The Lodge Grass city limits and surrounding is located within School District 2 & 27, or Lodge Grass Schools. The public school system has been in existence since 1908. The mascot for Lodge Grass Schools are the Indians and Lady Indians. The Lodge Grass High School boys' basketball program is noted for having won five Class B state championships from 1980 to 1990, under Coach Gordon Real Bird.Joe Medicine Crow (October 27, 1913 – April 3, 2016), author and historian of the Crow Nation, was born near town.
Tuff Harris (b. 1983), National Football League, 2007-2011, Miami Dolphins, New Orleans Saints, Tennessee Titans, Pittsburgh Steelers, and in 2011, Canadian Football League's Edmonton Eskimos, safety, born and attended school in Lodge Grass, graduating from the University of Montana.
White Man Runs Him (c. 1858 – June 2, 1929), a scout and source for the history of the Battle of the Little Bighorn, retired to the area. Grandfather to Pauline Small.
Hairy Moccasin, (c.1854 — October 9, 1922) a scout for the Seventh Cavalry and survivor of the Battle of the Little Big Horn, retired to the vicinity.
Clara Nomee (c.1854—October 9, 1922), former five-term Chairwoman of the Crow Nation (1990-2000)

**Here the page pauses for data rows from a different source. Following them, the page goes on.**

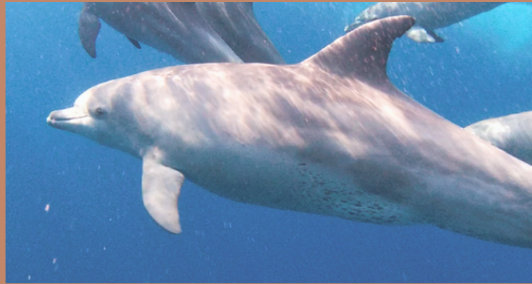
Wilde dolfijnen op Zanzibar
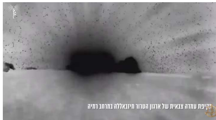
תקיפות באזור ראמיה (דובר צה"ל, 13 בפברואר 2024)

◀ בתגובה לפעילות חזבאללה ביממה האחרונה תקפו מטוסי קרב עמדה צבאית באזור רמיה ועמדה צבאית נוספת באזור רשיא אלפחאר, אשר בוצעו ממנה שיגורים לעבר ישראל. כמו כן תקפו עמדת תצפית ותשתיות נוספות של חזבאללה באזור חולא, קלעת דבה, יארון, מיס אלג'בל, יארין ושיחין (דובר צה"ל, 14 בפברואר 2024).
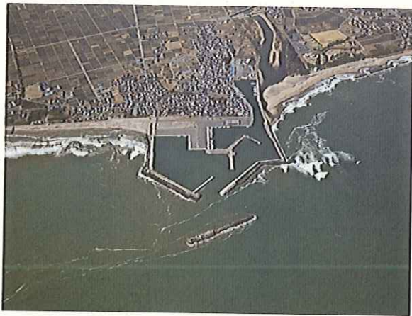
<津波被災前の請戸地区>
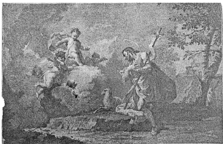
6.) IOAN BOTEZĂTORUL
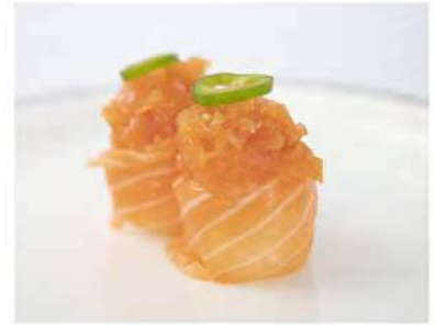
133/ Gunkan spicy sake €5,00 Bocconcini di riso avvolti con salmone, guarniti con tartare di salmone e salsa piccante
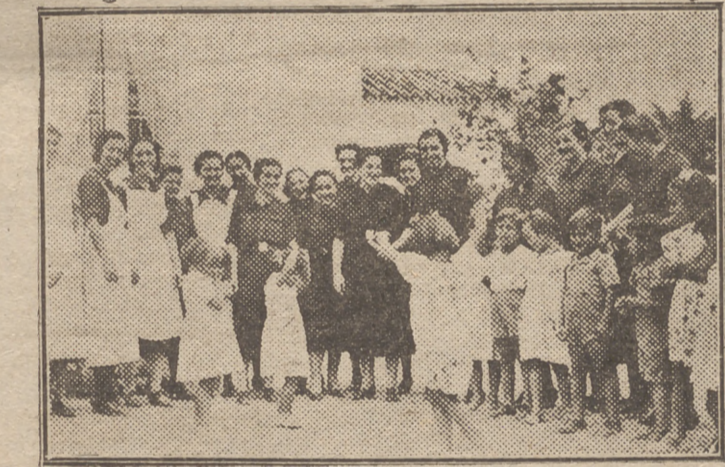
En el Hogar Azul, ante Pilar, las criaturas que allí reciben el beneficio de la Falange, bajo la demostración de sana alegría

Jefe provincial de la Sección Femenina, Delegada provincial de Auxilio Social, secretario, camarada
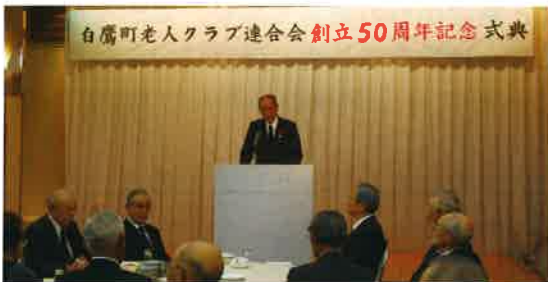
白鷹町老人クラブ連合会 創立50周年記念 式典
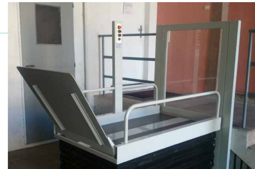
Puerta en la parada superior con cerradura eléctrica (opcional).
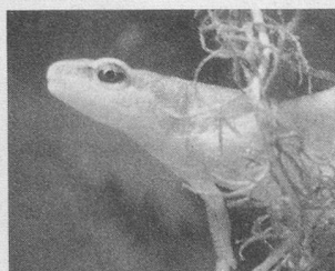
Geckos, tritons et Cie
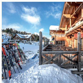
Schneesicher Die Piste und das Auto!
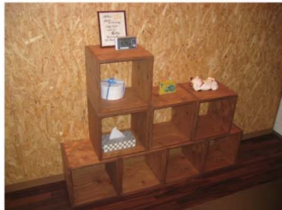
組み換え自由な木製ボックス
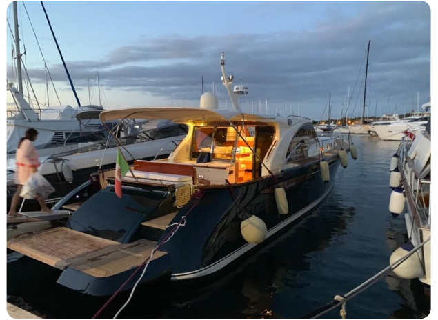
Franchini 55, sunset
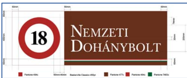
Egységes színű és formakódú felirat a dohányboltok megkülönböztetésére

A köztudatban trafiktvörényként rögzült, a fiatalok dohányzásának visszaszorításáról és a dohánytermékek kiskereskedelméről szóló 2012. évi CXXXIV. törvény jelentős változásokat hoz a dohánytermékek árusításával kapcsolatban 2013. július 1. napját követően. A jogszabály értelmében ezen termékeket ugyanis – néhány kivétellel – kizárólag külön dohányboltban lehet majd értékesíteni, egy ilyen üzlet nyitását pedig pályázati eljárás elnyerésétől teszi az állam függővé. A nemzeti dohánybolt elnevezésű trafikok számát a jogalkotó településünkön háromban határozta meg, ezeken kívül dohánytermékeket szórakozóhelyen, üzemanyagtöltő állomáson, újságarusnál, vagy más helyen tilos lesz árusítani.
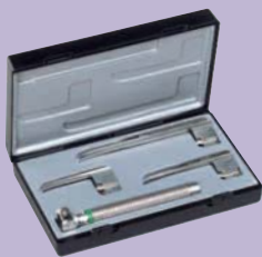
ri-modul Miller F.O. baby Con palas nº 0, 1 y 2.
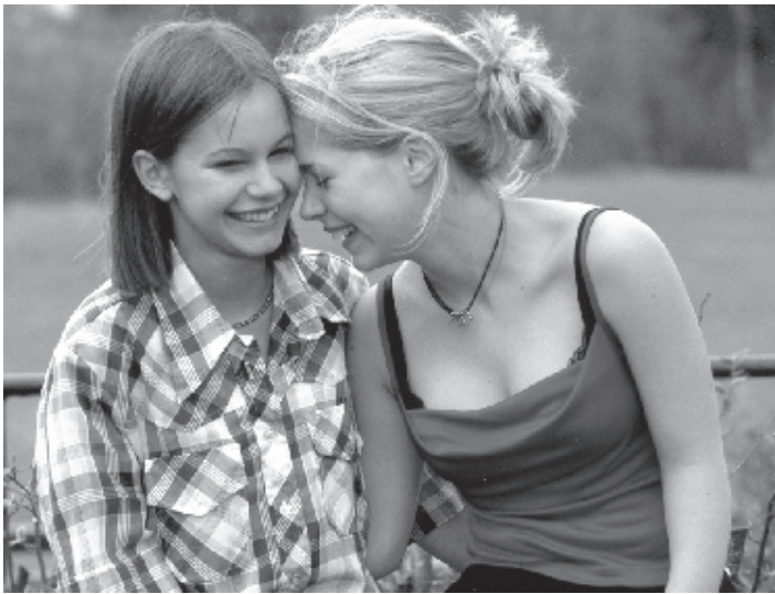
Elin ja Agnes on luotu selviämään.
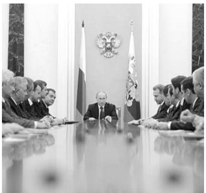
● НА ФОТО: НОВЫЙ КАБИНЕТ МИНИСТРОВ

Первым вице-премьером останется Игорь ШУВАЛОВ, зампредами правительства стали Владислав СУРКОВ, Дмитрий РОГОЗИН, Аркадий ДВОРКОВИЧ, Ольга ГОЛОДЕЦ, Дмитрий КОЗАК и полномочный представитель президента в СКФО Александр ХЛОПОНИН. Свои посты сохранили «птенец кудринского гнезда» министр финансов Антон СИЛУАНОВ, министр иностранных дел Сергей ЛАВРОВ и одиозный министр обороны Анатолий СЕРДЮКОВ, неприятие которого в армии просто зашкаливает. Виталий МУТКО по-прежнему будет возглавлять Минспорттуризма. Министром внутренних дел вместо Рашида НУРГАЛИЕВА назначен началь-
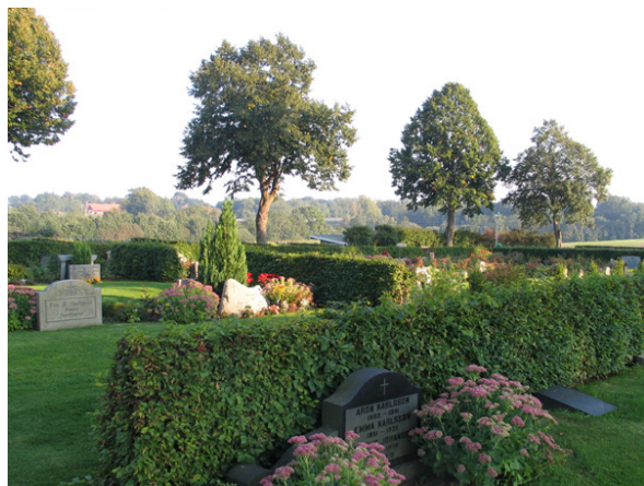
Ett parti av området med familjegravvårdar mot rygghäckar. Notera trädraden i bakgrunden, en del av trädkransen. (KI Söderåkra kyrkog 173)

Området utgör en stor rektangulär yta öster om den äldre kyrkogården. Mot öster och söder finns muren som omgärdar kyrkogården och i öster även lindar som ingår i trädkransen. I utkanten av området, mot öster, väster och norr, löper en asfalterad gång. Ett par korta gångar är lagda med kalkstensplattor i gräsmattan. I det sydöstra hörnet finns ett urngravsområde i ett nedsänkt parti omgivet av en kalkstensmur. I området mitt finns sedan 1990-talet en minneslund i vad som tidigare var en ceremoniplats. I kvarter L, N och O finns familjegravplatser eller köpta gravplatser. Kvarteren K och M är organiserade med familjegravar eller köpta gravplatser längs med gångarna i kvarterens ytterkanter och med flera rader av linjegravar i kvarterens inre. I kvarteren finns rygghäckar av oxbär och avenbok samt i linjegravsområdet planteringar av rosor och andra perenna växter. I kvarter O finns små korta häckar av buxbom mellan gravplatserna.
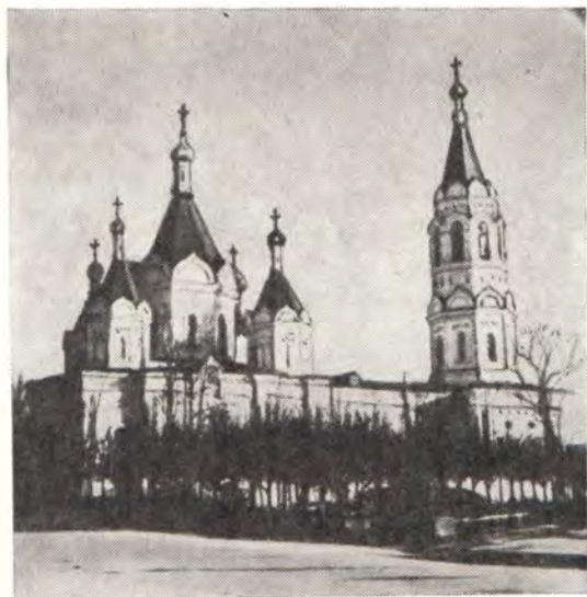
ХРАМ ВО ИМЯ СВЯТОГО БЛАГОВЕРНОГО КНЯЗЯ АЛЕКСАНДРА НЕВСКОГО В г. ЕГОРЬЕВСКЕ (Московская епархия)
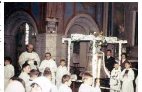
Bénédictio de la cloche le 17 décembre 1967

Merci de contacter la mairie (02 96 25 00 49) ou François Cojean 06 43 72 03 30 qui se déplacera pour les scanner, le propriétaire conservera ainsi son original.
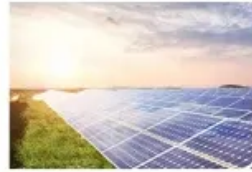
Energy Storage System
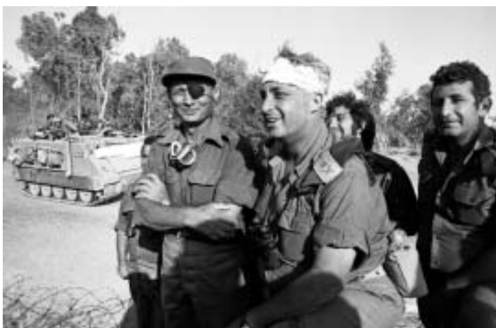
Moše Dajan a Ariel Šaron, 1973.

Narodil se 26. února 1928 v mošavu Kfar Malal a vyrůstal v zemědělském prostředí. Už tím se dost vyčleňoval z establishmentu otců zakladatelů Izraele. Ten tvořili většinou lidé ražení intelektuálním a levicovým prostředím Evropy. Šarona naopak razila práce na farmě. Jenže ač vyrůstal v mošavu, už příklad
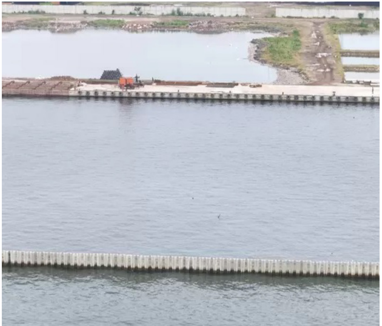
TANGGUL BETON: Video udara tanggul laut yang ramai di media sosial di kawasan cilincing, Jakarta Utara, Kamis (11/9). Pembangunan proyek di Cilincing ramai dibicarakan publik di media sosial. Sebelumnya, video terkait keberadaan tanggul beton di Cilincing beredar dan viral di media sosial. Keberadaan tanggul ini dinilai merugikan para nelayan setempat.
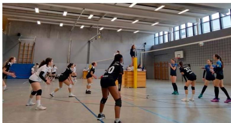
Die Volleyball Jugend in Feldkirch

Herzlichen Dank an alle Eltern und Trainer, die dieses Turnier möglich gemacht haben – euer Engagement ist unbezahlbar!
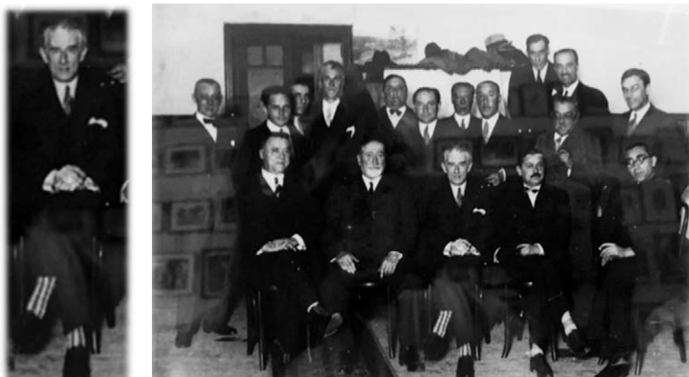
Ilustraciones 9 y 10. Maurice Ravel en Oviedo, tras su concierto en la Sociedad Filarmónica, con sus llamativos calcetines.

También el público ovetense, a decir por algunas de las crónicas que hemos podido leer, se dejó llevar por las apariencias, las formas... o algo mucho más peregrino y poco importante: los calcetines de Ravel (véase la ilustración 9). Pero esto es algo anecdótico, que nos ha servido para adornar el título de esta comunicación. Preferimos citarlo simplemente y ascender más allá de las rodillas para continuar con esta mirada a nuestro admirado compositor.
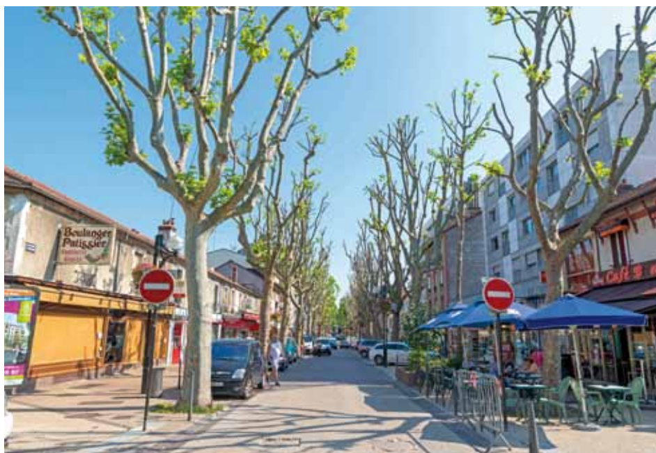
Le développement commercial est également un enjeu du PLU

L'année est décisive pour Aulnay qui entre dans une phase importante de révision de son Plan Local d'Urbanisme (PLU). Préparer Aulnay de demain se fait en plusieurs temps. Avril est donc une étape de plus dans le projet qui comporte une procédure spécifique. Explications.
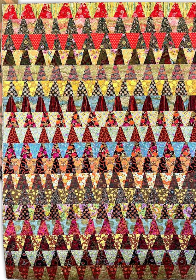
"Endless Mountains" (uendelige bjerge). Inspireret af folkekunst fra Indien. 2013. Mål ca. 152 x 229 cm.

Kevin Red Star (b. 1943), Native American artist, was born and lives in Lodge Grass.
Pauline Small (November 30, 1924 – March 9, 2005), first woman to be elected to the any office of the Crow Nation, was born in Lodge Grass.
Thomas Yellowtail (March 7, 1903 - November 24, 1993), Medicine man and Sun Dance chief of the Crow Nation, was born in Lodge Grass.